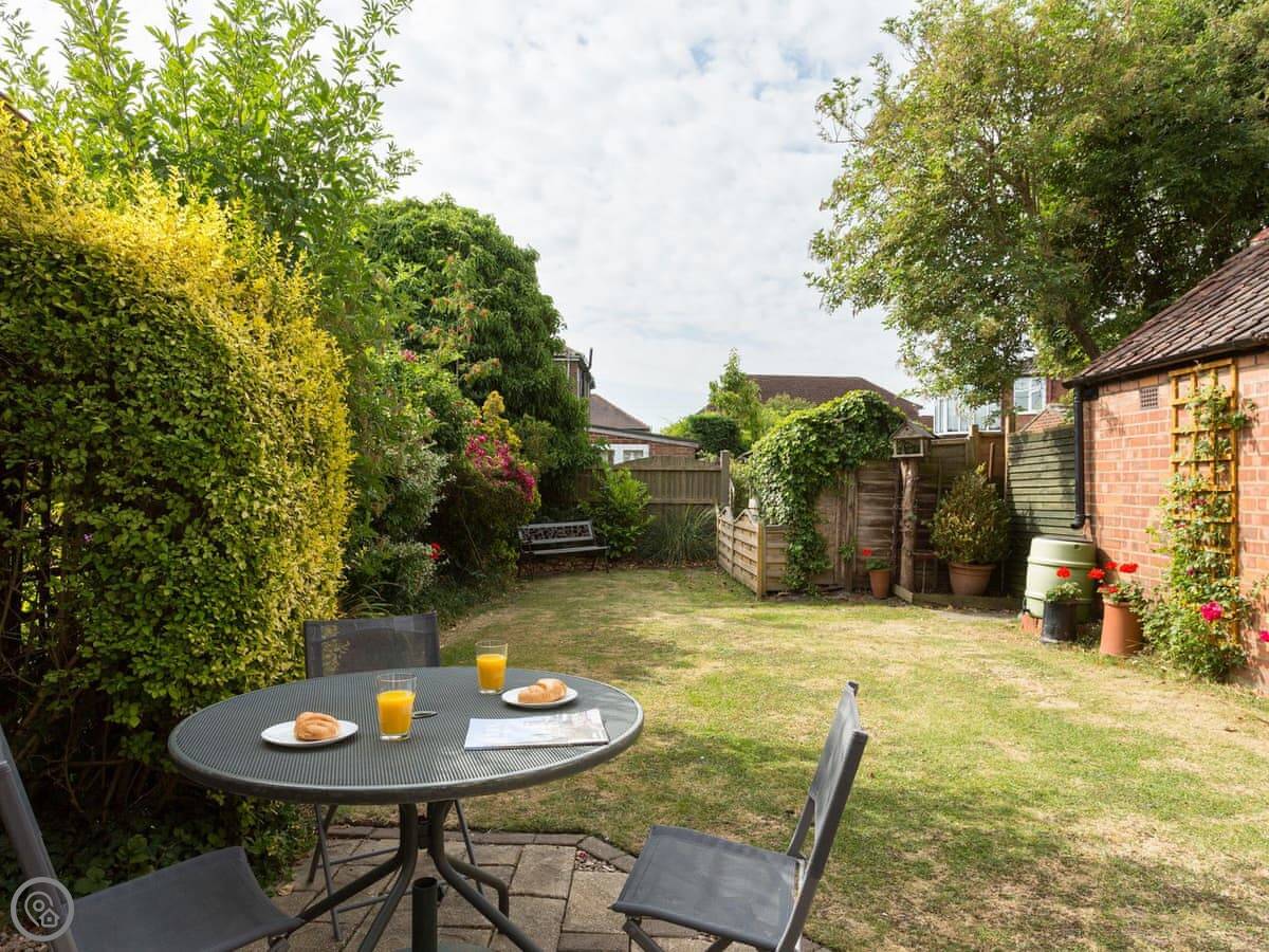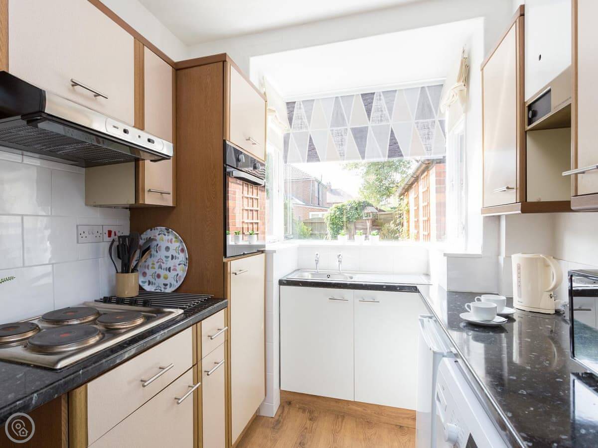The living room is at the back of the house and leads out to the garden. The garden is enclosed, with a patio and some seating. The kitchen is fine for cooking in. It has a dishwasher and a washing machine.
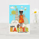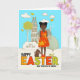 Laranja, amarela, verde e azul criam uma Páscoa tipo primavera para uma menina com uma criança americana étnica vestida no seu melhor domingo e seu coelho companheiro.
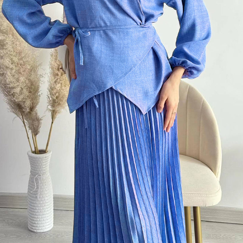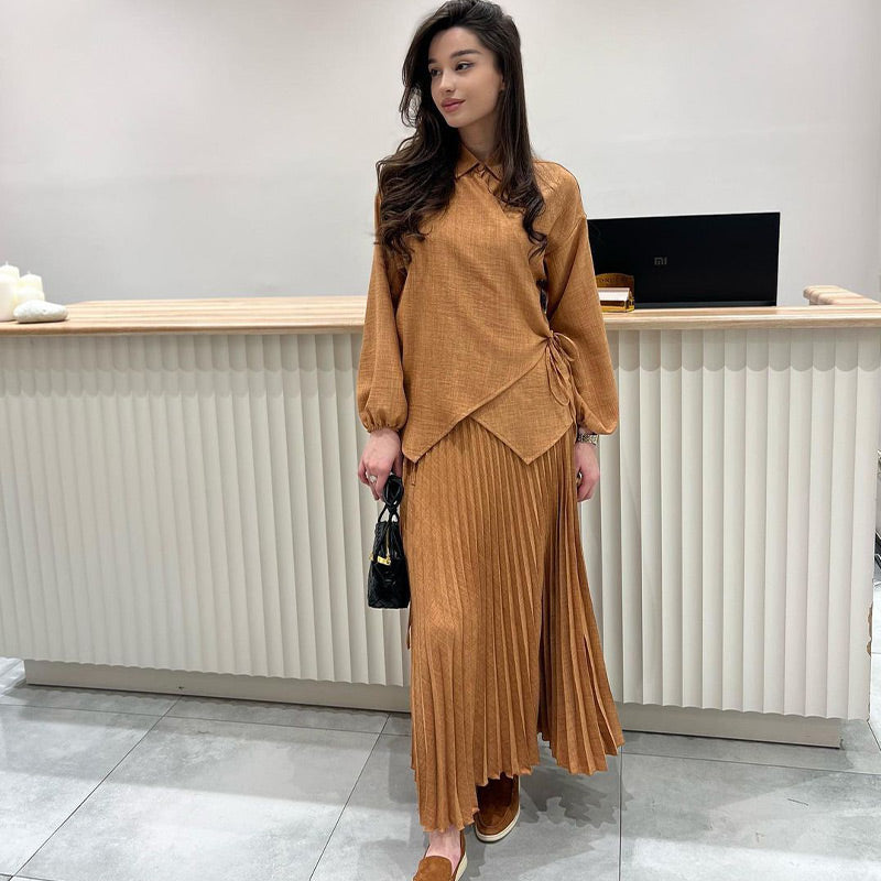 Opakowanie zawiera: 1*Elegancki 2-częściowy zestaw z koszulą z paskiem w talii i plisowaną spódnicą
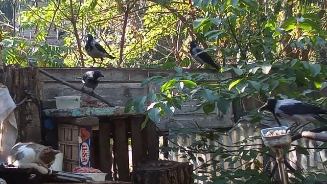 Семья вороны серой прибыла на ланч))
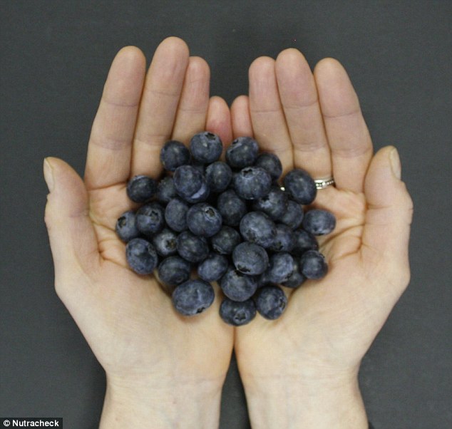 An 80g five-a-day portion of small fruit such as blueberries (or larger fruit cut up in a fruit salad) is roughly what you can fit into your cupped hands.
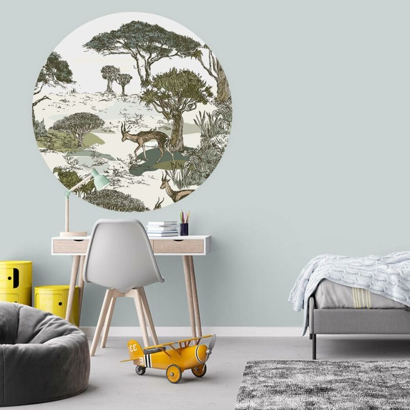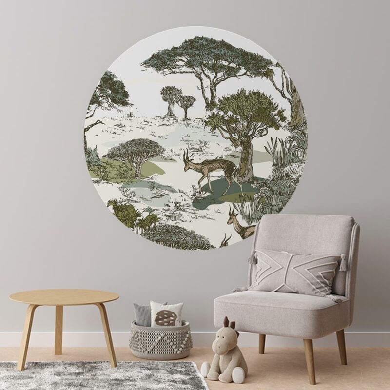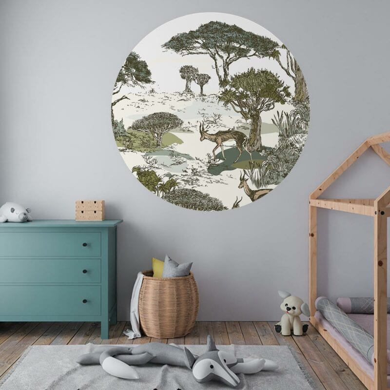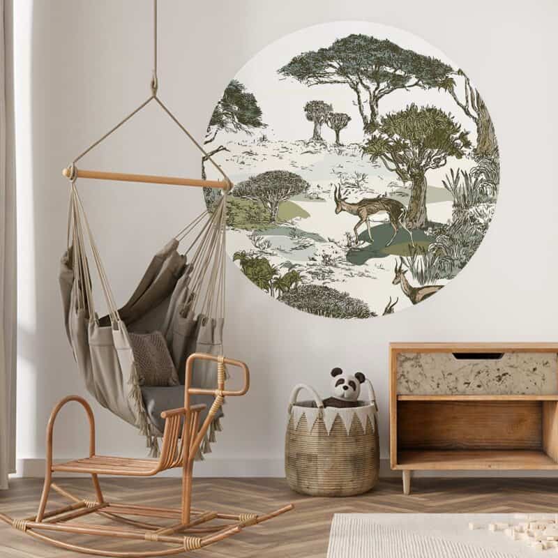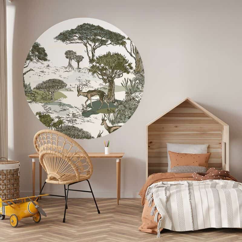 Met een behangcirkel (ook wel ronde muursticker genoemd) geef je de kinderkamer, babykamer, speelkamer of andere ruimte direct een nieuw en fris uiterlijk! Behangcirkel ‘Savanne landschap toile design’ wordt op een kwalitatief hoog materiaal geprint, waardoor het design en kleuren goed tot zijn recht komen. Ook zijn onze behangcirkels weer gemakkelijk te verwijderen, zonder lijmresten achter te laten op de muur.

## Aim of the exercise
Return only the lines running from the start of the entries above to the line that contains "An 80g five-a-day", inclusive, and omit every picture.

## Exercise response
The living room is at the back of the house and leads out to the garden. The garden is enclosed, with a patio and some seating. The kitchen is fine for cooking in. It has a dishwasher and a washing machine.
 Laranja, amarela, verde e azul criam uma Páscoa tipo primavera para uma menina com uma criança americana étnica vestida no seu melhor domingo e seu coelho companheiro.
 Opakowanie zawiera: 1*Elegancki 2-częściowy zestaw z koszulą z paskiem w talii i plisowaną spódnicą
 Семья вороны серой прибыла на ланч))
 An 80g five-a-day portion of small fruit such as blueberries (or larger fruit cut up in a fruit salad) is roughly what you can fit into your cupped hands.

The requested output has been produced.